With him, I watched as Tikki’s bubble surrounded both of them, distorting the air in a way that reminded me of ripples on a pond. As a resistance fighter stepped out of their way, allowing them through the gap, Kals stepped up beside us.

“What are they doing?”

I didn’t have time to explain before the first tree came down. Together in the Tikki’s bubble of time, they didn’t move as quickly as Jaclyn could alone, but they weren’t slow. With the accelerated time, Jaclyn moved faster than normal.

So, when the bubble surrounded a tree trunk, the tree fell in almost the same moment. Taking the whole exercise farther than I’d thought to suggest, Jaclyn made sure that each tree fell toward the attacking soldiers, sometimes throwing the tree trunks like gigantic lawn darts.

If she’d been trying to be disruptive to the attack, she wouldn’t have done it much differently.

The trees’ branches made harder to see the shields, and if Jaclyn threw the tree, it sailed into the crowd, hitting any soldiers that didn’t jump out of the way.

It wasn’t a bad plan.
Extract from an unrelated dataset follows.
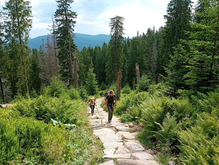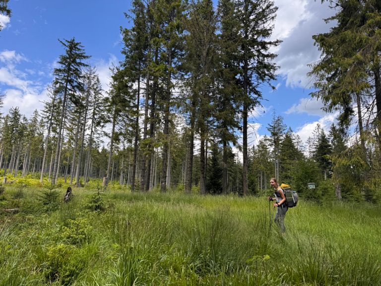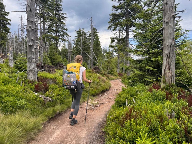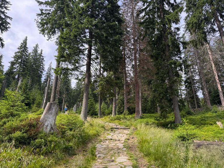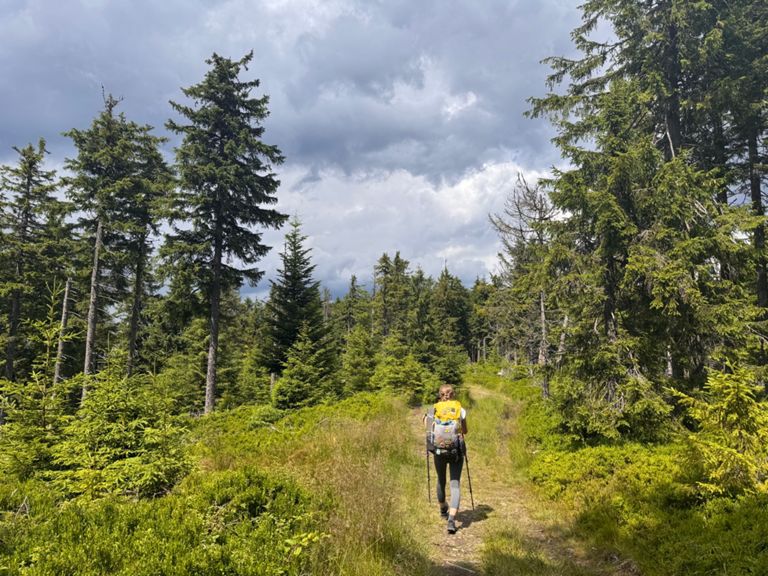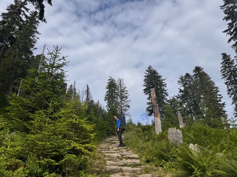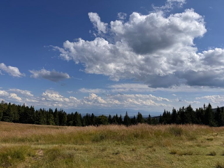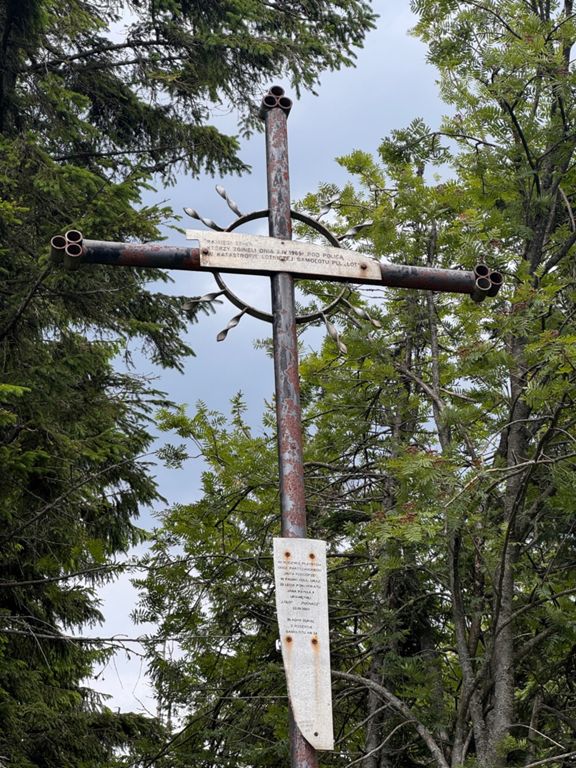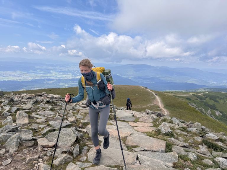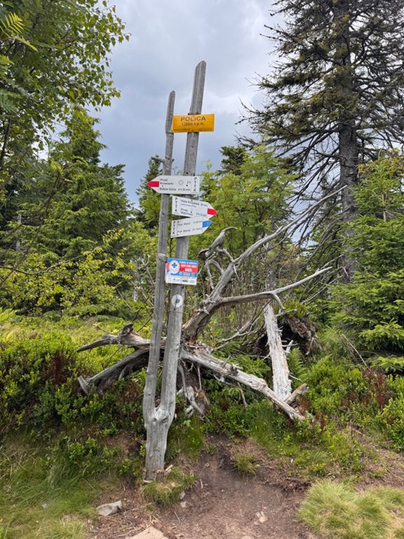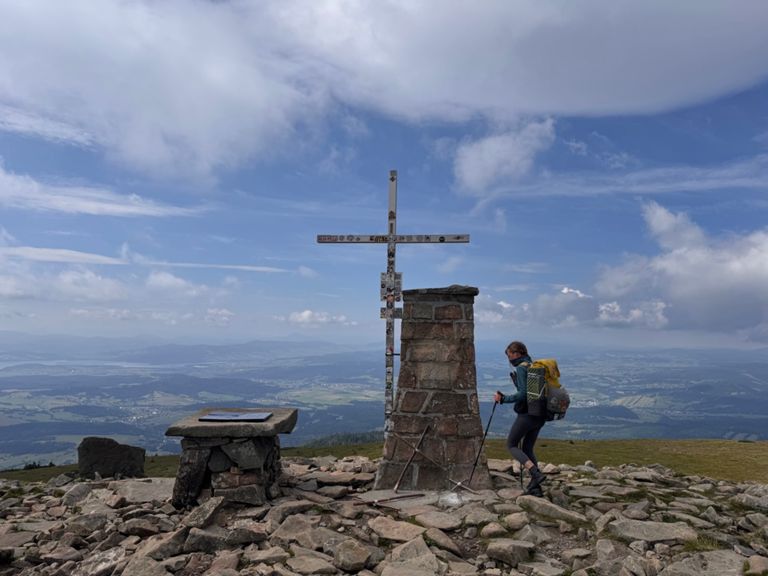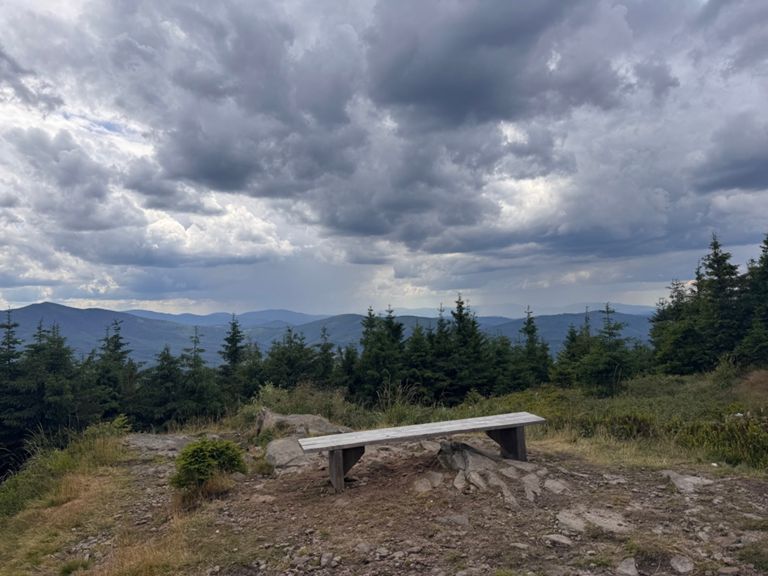We have conquered the highest peak of the entire trail, Babia Góra (1725 meters above sea level). A steep ascent, very strong wind, and an even steeper, endlessly long descent. While we were descending, literally hundreds, even thousands of hikers were streaming up from the parking lot on the edge of Babia Góra National Park. At the top, we said goodbye to Vojta, who headed towards the Slovak side, while our trail turned towards Poland. Anetka and I took a longer day and reached the first village where a proper storm began. But we are on our way to a rest day. We’re going to recover and gather new strength. Our first week in the mountains was tougher than we expected. But Anetka was very brave and kept a good mood all the time.

The side effects were nice anyway.

The only bad point was that there were a lot of trees around the shelter, so it wasn’t hard to figure out what Jaclyn was doing before she finished. Flying trees were a notable clue.

So somewhere out there, whoever had been planning to send people over the top of the shields decided that now was the last chance they’d have.

Even though Jaclyn and Tikki had removed more than half of the trees surrounding the shelter, Ascendancy soldiers jumped for the trees that were left, leaping from one to the other.

I don’t know how many it was, but a lot—more than last time, anyway.